Dataset extract:
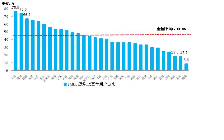 2月,東、中、西部地區(qū)8Mbps及以上寬帶用戶分別比上年末凈增293.9、272.1、224.5萬戶,東部地區(qū)的凈增用戶均超過中西部地區(qū),但相差不大,可見各省在固定寬帶提速方面取得了良好效果。東中西部地區(qū)8Mbps及以上寬帶用戶占比情況相差較大,西部地區(qū)8Mbps及以上寬帶用戶占比最高,達49%,中部地區(qū)最低,僅為35%。。各省間8Mbps及以上寬帶用戶占比差異依然較大,占比高于50%的省份接近三分之一,其中上海和四川居全國前兩位,且為全國僅有的超過70%的省份。占比低于20%的分別為海南、陜西和西藏,其中西藏占比全國最低,僅為8.6%。
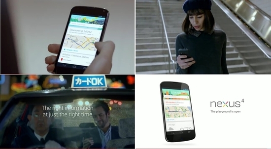 이날 공개된 1분짜리 광고에서 구글은 시카고, LA, 파리 등 세계 각지서 ‘넥서스4’의 구글나우 기능을 이용해 날씨, 통근정보, 식당 위치 등을 확인하고 편리한 삶을 사는 이들의 예를 담았다.
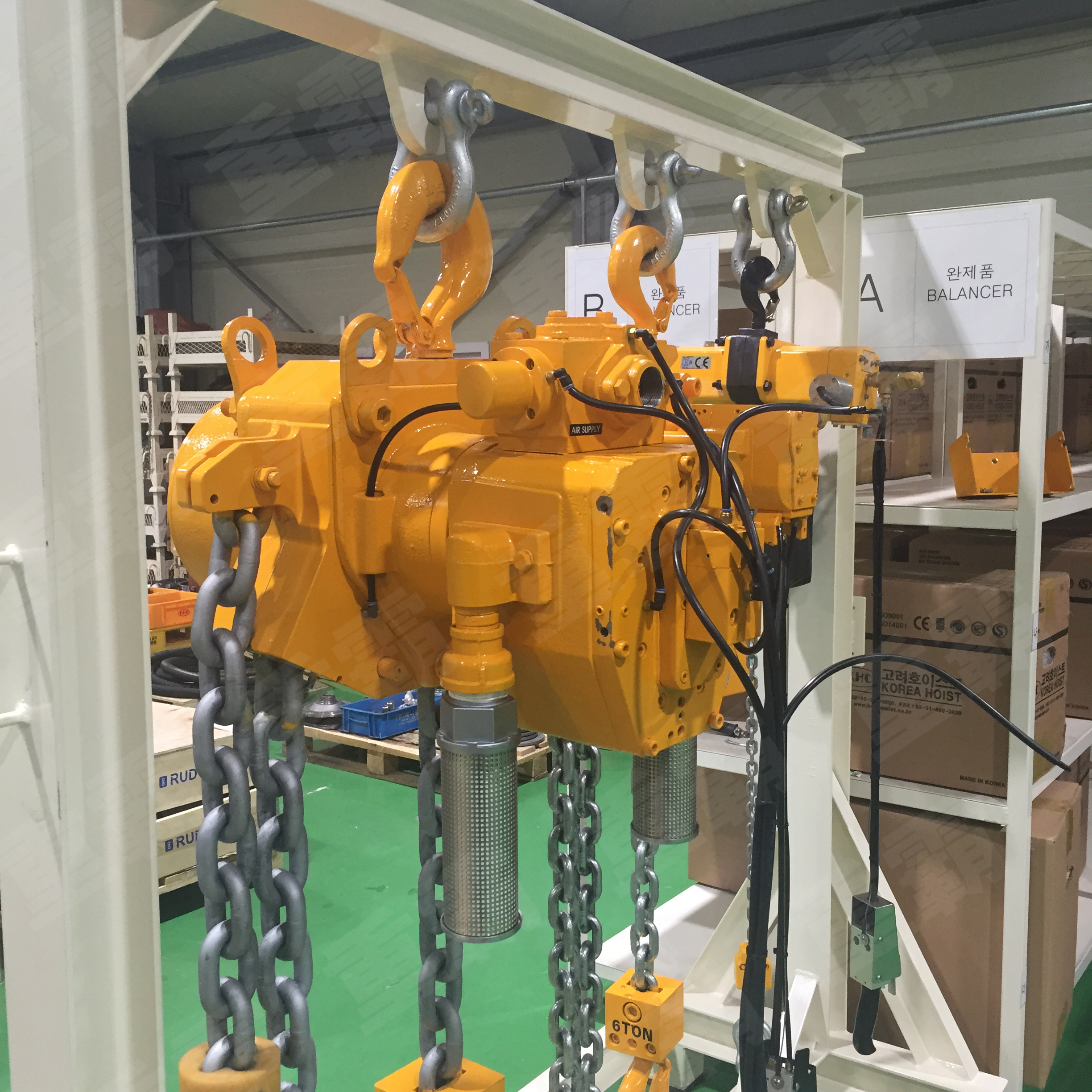 來實現(xiàn)起吊重物的升、降、移動、定位功能。環(huán)鏈氣動葫蘆確保起吊作業(yè)的安全,耶魯氣動葫蘆起吊機構整體可固定使用,也可置于行走機構下方移動使用。

Exercise prompt:
Retype the listing above exactly, please. Pictures do not belong in the copy.

Written answer:
 2月,東、中、西部地區(qū)8Mbps及以上寬帶用戶分別比上年末凈增293.9、272.1、224.5萬戶,東部地區(qū)的凈增用戶均超過中西部地區(qū),但相差不大,可見各省在固定寬帶提速方面取得了良好效果。東中西部地區(qū)8Mbps及以上寬帶用戶占比情況相差較大,西部地區(qū)8Mbps及以上寬帶用戶占比最高,達49%,中部地區(qū)最低,僅為35%。。各省間8Mbps及以上寬帶用戶占比差異依然較大,占比高于50%的省份接近三分之一,其中上海和四川居全國前兩位,且為全國僅有的超過70%的省份。占比低于20%的分別為海南、陜西和西藏,其中西藏占比全國最低,僅為8.6%。
 이날 공개된 1분짜리 광고에서 구글은 시카고, LA, 파리 등 세계 각지서 ‘넥서스4’의 구글나우 기능을 이용해 날씨, 통근정보, 식당 위치 등을 확인하고 편리한 삶을 사는 이들의 예를 담았다.
 來實現(xiàn)起吊重物的升、降、移動、定位功能。環(huán)鏈氣動葫蘆確保起吊作業(yè)的安全,耶魯氣動葫蘆起吊機構整體可固定使用,也可置于行走機構下方移動使用。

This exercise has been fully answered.